The problem is that they are trying as hard as they can to find escamotages and ways to keep the status quo (that it’s the opposite of what the DMA wants)
@dzamir @stroughtonsmith If they decide a new feature is anti-competitive, the company is sunk. Maybe screen mirroring is problematic because you can’t share to Windows. Boom, fine. Or because you can’t share to Android. Boom, fine. Or maybe you just can’t share to some really old version of Android. Boom, fine. There’s no way to know ahead of time and that means any innovation could result in a fine. Nobody wants to run a company like that and shareholders will revolt if there ever is a fine.
@stroughtonsmith @DavidAnson I believe that may be, as the young people say, not bug but feature.

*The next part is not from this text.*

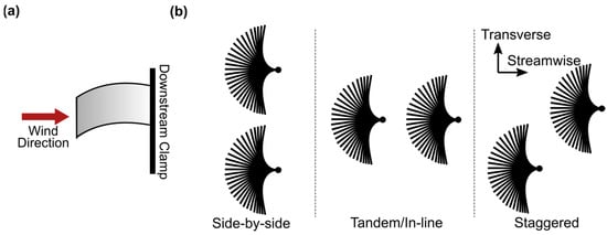 Recently, the concurrent operation of two or more inverted flags has started to gain attention, with two main configurations being considered: side-by-side (see Figure 1b) [45,46,47,48,49,50,51] and tandem (see Figure 1b) [51,52,53] configurations within the horizontal plane. Huertas-Cerdeira et al. [45] experimentally studied the dynamic response of side-by-side inverted flags, with a transverse distance larger than double the length of the flag, demonstrating that the maximum angular amplitude is 36% higher than that of a single flag. Hu et al. [50] attributed this increase to the flapping promotion resulting from the leading-edge vortex (LEV) behind the adjacent flag. On the other hand, Huang et al. [52] investigated the tandem configuration and found through numerical simulations that a destructive vortex merging reduces the flapping amplitude of the downstream inverted flag by 50% compared to a single flag. However, using an experimental approach, Hu et al. [53] demonstrated that the downstream inverted flag can extract energy from the trailing edge vortex of the upstream flag at a critical flow velocity and a short streamwise distance, leading to increased angular amplitude of the downstream flag. This finding was found to be consistent with the behavior of tandem conventional flags observed by Jia and Yin [54] and Ristroph and Zhang [55].

@stroughtonsmith Yeah it's very clear how to abide by it.

Whats difficult is how to pretend to abide by it but use enough loopholes so that you're actually not.

@stroughtonsmith Why release more features if that might bring more fines for noncompliance? It’s better to wait for the EU to tell you if you are complying and what you need to do to comply
@stroughtonsmith Every time I see some people (well really one prominent person) act like the spirit of the law is some ever changing, vague thing that nobody could possibly grok, my eyes roll so hard they risk falling out of my head
@stroughtonsmith Law doesn’t work like that, though. “Don’t be a dick” assumes both parties have the same broad societal interest at heart, which is manifestly untrue here.

@myNameIsT @stroughtonsmith Precisely so.

Society can, and often (OK; sometimes) does, work like that.

Law is what we have step in when the parties have genuinely incompatible conceptions of nondickishness; or when one of them is straight-up a dick.*

* Which by no means rules out the other being a dick as well.